GMonkeyLouie writes "The website for President-elect Obama's transition team, Change.gov, has unveiled a section called Open for Questions, which lets users submit questions and vote them up or down, in an effort to let the collaborative mind produce the questions that are the most important to the American populace (or at least the web-savvy portion). The page is powered by Google Moderator. It was unveiled yesterday, and CNet reports that when they went to post last night, '159,890 had voted on 1,986 questions from 3,255 people.'"

3 of 436 comments (clear)

  1. Transparently Inconvenient by Anonymous Coward · · Score: 5, Interesting

    The website allows for greater transparency... or greater ability to bury unwanted/uncomfortable questions while seeming more transparent.

    http://www.politico.com/blogs/bensmith/1208/Blagojevich_questions_censored_on_Transition_site.html?showall

  2. Re:Ahh, true democracy by m4cph1sto · · Score: 5, Interesting

    I'm quite glad we live in a republic, where the stupid elect those who have demonstrated they at least have machiavellian intelligence.

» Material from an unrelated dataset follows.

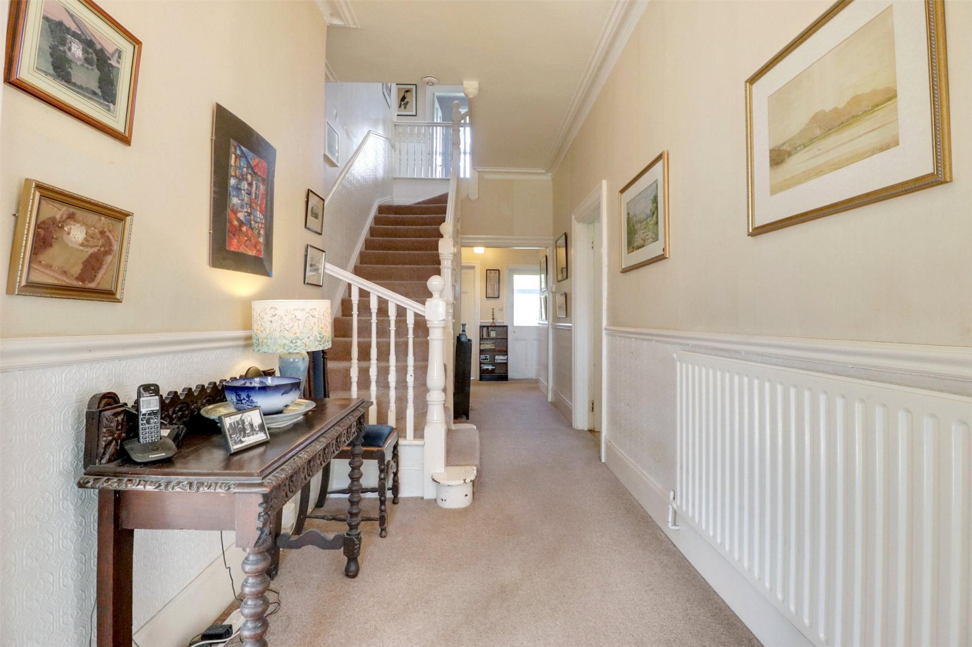 This attractive property is accessed through imposing wooden gates, opening onto a sweeping gravel driveway with ample space for multiple vehicles. From here, an elegant tiled porch welcomes you into the home, leading into a light and airy entrance hallway. Beautifully appointed with traditional features such as dado rails and ornate cornices, the hallway provides access to all the principal reception rooms, setting the tone for the period charm found throughout the property.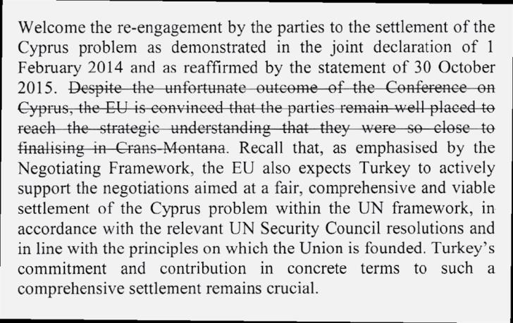 Οι αναφορές του εν λόγω εγγράφου, όπως τελικά εγκρίθηκε, καλύπτουν πλήρως τις θέσεις της Λευκωσίας έναντι της Άγκυρας στο πεδίο των κυπρογενών υποχρεώσεων (βλέπε άλλη στήλη), αλλά και στο Κυπριακό (μετά τη διαγραφή των επίμαχων αναφορών). Το κείμενο «καλωσορίζει την εκ νέου δέσμευση των μερών για τη διευθέτηση του κυπριακού προβλήματος, ως επιδείχθηκε στη κοινή διακήρυξη της 1ης Φεβρουαρίου 2014 και όπως επαναβεβαιώθηκε στη δήλωση της 30ής Οκτωβρίου 2015». Επαναλαμβάνει ότι «όπως τονίζεται στο Διαπραγματευτικό Πλαίσιο, η Ε.Ε. αναμένει επίσης την Τουρκία να συμβάλει ενεργώς στις διαπραγματεύσεις που στοχεύουν σε μια δίκαιη, συνολική και βιώσιμη λύση στο κυπριακό πρόβλημα, στο πλαίσιο του ΟΗΕ, σύμφωνα με τα σχετικά ψηφίσματα του Συμβουλίου Ασφαλείας του ΟΗΕ και σύμφωνα με τις αρχές επί των οποίων εδράζεται η Ε.Ε.». Επαναδιατυπώνει την επίσης κλασική θέση της Ε.Ε. ότι «η δέσμευση της Τουρκίας και η συμβολή της με συγκεκριμένους τρόπους σε μια τέτοια συνολική διευθέτηση παραμένει κρίσιμη».

It's fortunate for all of us that one breed of intelligence usually includes others as well. -_-

    Does it really? This report begs to differ. Elected officials are actually dumber than the general public, at least when it comes to civic literacy: Elected Officials Score Lower than the General Public In Civic Literacy Test

  3. Re:Ahh, true democracy by gumbobear · · Score: 5, Interesting
    The Federalist Papers were, objectively speaking, propaganda pieces written to persuade the states to adopt the Constitution. This is not to disparage them, but it's just a reminder that they were not neutral analytical pieces, they were persuasive works.

    The structural mechanisms described were put in place for 2 reasons. First, because many viewed the federal government as a creation of the states (not from we the people). Second, it protects state sovereignty against federal encroachment. Thus the states could reign in a national government that some were afraid would be less representative of the people.

    That's why the Bill of Rights does not, by a strict textual analysis, apply to the states. See Barron v. Mayor of Baltimore (a seminal John Marshall caase). At the time, no one suspected that the states would, in time, become the main oppressors of freedom.

    But that's why Federalist 46 is interesting. Madison argues that the power of all governments, both state and national, originate from the people, and if in the future the people should choose to place their confidence in one or another, they should be empowered to do so.

    So contrary to the popular "wisdom," the founding fathers were not as hostile to democracy as people like to claim. The Federalists (Adams) were afraid, but the Democrats (Jefferson) were all for it.